"Je n’ai pas pu les sauver" : le témoignage de Patrick Pelloux sur la tuerie de Charlie Hebdo

Publié le 08/01/2015

« Je n’ai pas pu les sauver… » En quelques mots, le Dr Patrick Pelloux, en sanglots, a livré à l’Agence France Presse (AFP), à I-Télé (video) et à France Inter un récit déchirant de l’attentat perpétré hier matin. Alors que se tenait la conférence de rédaction de Charlie Hebdo, l’urgentiste assistait, lui, à une réunion pour l’amélioration des services d’urgence, à quelques mètres des locaux du journal. « J’étais à cette réunion quand Jean-Luc, le graphiste, m’a appelé pour me dire : `il faut que tu viennes vite, ils nous ont tiré dessus à la kalachnikov’ ». Accompagné du colonel Tourtier des pompiers de Paris, il arrive sur place quelques minutes plus tard. « C’était épouvantable », lâche-t-il, la voix brisée. « Et pendant qu’on prenait en charge les victimes, ils (les tueurs, ndlr) étaient encore en train d’abattre des gens dans la rue… » Pour certaines victimes, « il n’y avait plus rien à faire parce qu’ils avaient tiré dans les têtes ».

Évoquant Charb, directeur de la publication et illustrateur de l’un de ses ouvrages, tué de sang-froid, Patrick Pelloux confie « je pense qu’il a dû se lever et les traiter de cons ou leur faire un bras d’honneur, ou essayer de leur enlever leurs armes ». Ajoutant « dans la position où il est mort, il était enchevêtré dans sa chaise, c’est comme s’il avait été abattu en se levant. Et je le connaissais bien, c’était mon frère, et je sais qu’il a dû leur faire ça… »

Huit personnes ont également été blessées dans l’attentat. Parmi elles, le dessinateur Riss, directeur de la rédaction, et les journalistes Philippe Lançon et Fabrice Nicolino. Le président de l’AMUF indiquait, ce matin, qu’ils allaient mieux. Auteur de la chronique « Histoire d’urgences » publiées dans les colonnes de l’hebdomadaire, il a affirmé que Charlie Hebdo paraîtrait, mercredi prochain, comme d’habitude. « On est tous avec notre peine, notre douleur, nos peurs, mais on va le faire quand même parce que ce n’est pas la connerie qui va gagner ».

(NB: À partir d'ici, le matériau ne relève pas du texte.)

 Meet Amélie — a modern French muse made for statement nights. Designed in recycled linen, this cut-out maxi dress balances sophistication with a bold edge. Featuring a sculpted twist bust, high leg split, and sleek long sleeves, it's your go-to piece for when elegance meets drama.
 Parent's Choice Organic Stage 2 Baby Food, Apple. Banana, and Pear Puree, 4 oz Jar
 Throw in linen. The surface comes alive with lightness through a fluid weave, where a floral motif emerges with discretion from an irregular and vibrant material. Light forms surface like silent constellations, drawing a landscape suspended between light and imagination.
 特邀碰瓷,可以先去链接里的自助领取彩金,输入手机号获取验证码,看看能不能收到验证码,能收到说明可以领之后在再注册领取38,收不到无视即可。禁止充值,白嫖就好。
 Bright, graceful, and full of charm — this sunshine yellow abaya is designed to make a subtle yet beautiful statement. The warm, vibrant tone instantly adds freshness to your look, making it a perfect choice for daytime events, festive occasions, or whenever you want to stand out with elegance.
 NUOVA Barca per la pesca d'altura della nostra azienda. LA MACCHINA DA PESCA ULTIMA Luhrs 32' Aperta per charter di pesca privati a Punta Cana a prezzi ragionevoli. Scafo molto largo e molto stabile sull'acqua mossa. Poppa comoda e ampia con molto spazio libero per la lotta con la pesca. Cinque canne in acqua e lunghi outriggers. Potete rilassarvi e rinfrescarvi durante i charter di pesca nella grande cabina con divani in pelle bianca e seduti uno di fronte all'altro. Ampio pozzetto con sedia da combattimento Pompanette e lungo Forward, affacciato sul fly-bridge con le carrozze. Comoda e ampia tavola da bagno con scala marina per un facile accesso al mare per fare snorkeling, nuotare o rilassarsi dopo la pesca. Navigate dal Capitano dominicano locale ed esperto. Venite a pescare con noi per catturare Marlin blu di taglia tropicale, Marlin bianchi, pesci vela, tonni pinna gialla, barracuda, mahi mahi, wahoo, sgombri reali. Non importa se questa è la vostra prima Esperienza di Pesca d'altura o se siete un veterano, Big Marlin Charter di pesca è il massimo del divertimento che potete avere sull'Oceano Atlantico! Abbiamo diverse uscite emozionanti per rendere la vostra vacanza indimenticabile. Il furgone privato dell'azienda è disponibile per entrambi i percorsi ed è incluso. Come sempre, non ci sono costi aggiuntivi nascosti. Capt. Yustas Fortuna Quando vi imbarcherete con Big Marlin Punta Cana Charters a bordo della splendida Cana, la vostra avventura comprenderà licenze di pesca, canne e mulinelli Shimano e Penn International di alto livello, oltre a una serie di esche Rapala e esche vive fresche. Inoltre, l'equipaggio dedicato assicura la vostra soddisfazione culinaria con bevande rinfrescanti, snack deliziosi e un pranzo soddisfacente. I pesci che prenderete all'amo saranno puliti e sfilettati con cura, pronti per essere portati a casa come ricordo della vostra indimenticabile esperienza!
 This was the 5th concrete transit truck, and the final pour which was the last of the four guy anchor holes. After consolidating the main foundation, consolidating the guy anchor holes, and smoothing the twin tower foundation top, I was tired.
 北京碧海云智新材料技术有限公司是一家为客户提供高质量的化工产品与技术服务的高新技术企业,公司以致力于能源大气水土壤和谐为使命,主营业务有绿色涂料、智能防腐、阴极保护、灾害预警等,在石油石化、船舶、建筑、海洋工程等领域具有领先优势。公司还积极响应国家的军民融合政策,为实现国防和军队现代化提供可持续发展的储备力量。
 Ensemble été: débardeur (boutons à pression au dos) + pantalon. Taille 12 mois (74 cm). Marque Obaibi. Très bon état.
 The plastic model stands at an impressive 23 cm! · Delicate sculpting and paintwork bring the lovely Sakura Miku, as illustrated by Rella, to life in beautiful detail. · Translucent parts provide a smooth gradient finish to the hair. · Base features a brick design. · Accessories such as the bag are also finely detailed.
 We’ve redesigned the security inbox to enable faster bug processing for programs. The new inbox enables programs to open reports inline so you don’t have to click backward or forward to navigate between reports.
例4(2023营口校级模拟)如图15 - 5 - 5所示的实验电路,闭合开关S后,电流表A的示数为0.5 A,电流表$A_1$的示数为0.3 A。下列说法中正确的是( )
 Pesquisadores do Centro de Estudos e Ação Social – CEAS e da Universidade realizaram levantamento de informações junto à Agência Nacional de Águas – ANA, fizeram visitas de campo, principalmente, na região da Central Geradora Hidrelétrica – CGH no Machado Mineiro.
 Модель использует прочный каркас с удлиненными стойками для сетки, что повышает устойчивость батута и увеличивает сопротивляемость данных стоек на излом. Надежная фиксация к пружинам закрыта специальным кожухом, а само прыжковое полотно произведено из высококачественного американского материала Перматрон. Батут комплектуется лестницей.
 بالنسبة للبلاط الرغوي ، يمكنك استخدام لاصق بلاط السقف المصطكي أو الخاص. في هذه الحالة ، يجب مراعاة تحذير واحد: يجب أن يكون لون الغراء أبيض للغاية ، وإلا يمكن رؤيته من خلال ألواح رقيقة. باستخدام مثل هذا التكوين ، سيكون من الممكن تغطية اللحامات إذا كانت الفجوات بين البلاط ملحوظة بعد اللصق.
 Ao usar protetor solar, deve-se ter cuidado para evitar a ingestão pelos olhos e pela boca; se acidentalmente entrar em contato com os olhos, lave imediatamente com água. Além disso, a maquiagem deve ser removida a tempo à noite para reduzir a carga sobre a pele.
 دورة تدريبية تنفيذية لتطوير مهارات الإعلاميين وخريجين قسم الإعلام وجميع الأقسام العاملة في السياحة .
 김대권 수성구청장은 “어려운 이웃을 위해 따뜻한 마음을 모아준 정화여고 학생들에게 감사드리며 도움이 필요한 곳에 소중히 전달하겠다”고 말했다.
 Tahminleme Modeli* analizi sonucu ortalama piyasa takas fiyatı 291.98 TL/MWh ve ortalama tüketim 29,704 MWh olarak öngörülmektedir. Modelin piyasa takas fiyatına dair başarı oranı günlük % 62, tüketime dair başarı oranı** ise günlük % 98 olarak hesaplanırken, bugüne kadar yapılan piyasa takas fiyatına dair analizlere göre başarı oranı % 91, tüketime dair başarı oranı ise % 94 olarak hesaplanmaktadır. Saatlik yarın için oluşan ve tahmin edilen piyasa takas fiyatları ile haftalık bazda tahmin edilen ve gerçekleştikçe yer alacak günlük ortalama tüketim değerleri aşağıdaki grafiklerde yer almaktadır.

Ce matin, alors que la traque des suspects de la fusillade se poursuivait en Picardie, deux personnes ont été visées par des tirs à l’arme à feu à Montrouge, dans le sud de la capitale. L’une des deux, jeune policière stagiaire, a succombé à ses blessures. La seconde victime, un agent de voirie, est grièvement blessée. Pour l’heure, aucun lien avec l’attentat de Charlie Hebdo n’est établi. La section anti-terroriste du parquet de Paris a ouvert une enquête pour entreprise terroriste "au vu du contexte actuel, de l’armement lourd de l’auteur des faits et du caractère délibéré d’un acte visant les forces de l’ordre". En fin d’après-midi, l’auteur de ces coups de feu était toujours en fuite, selon Bernard Cazeneuve, ministre de l’Intérieur.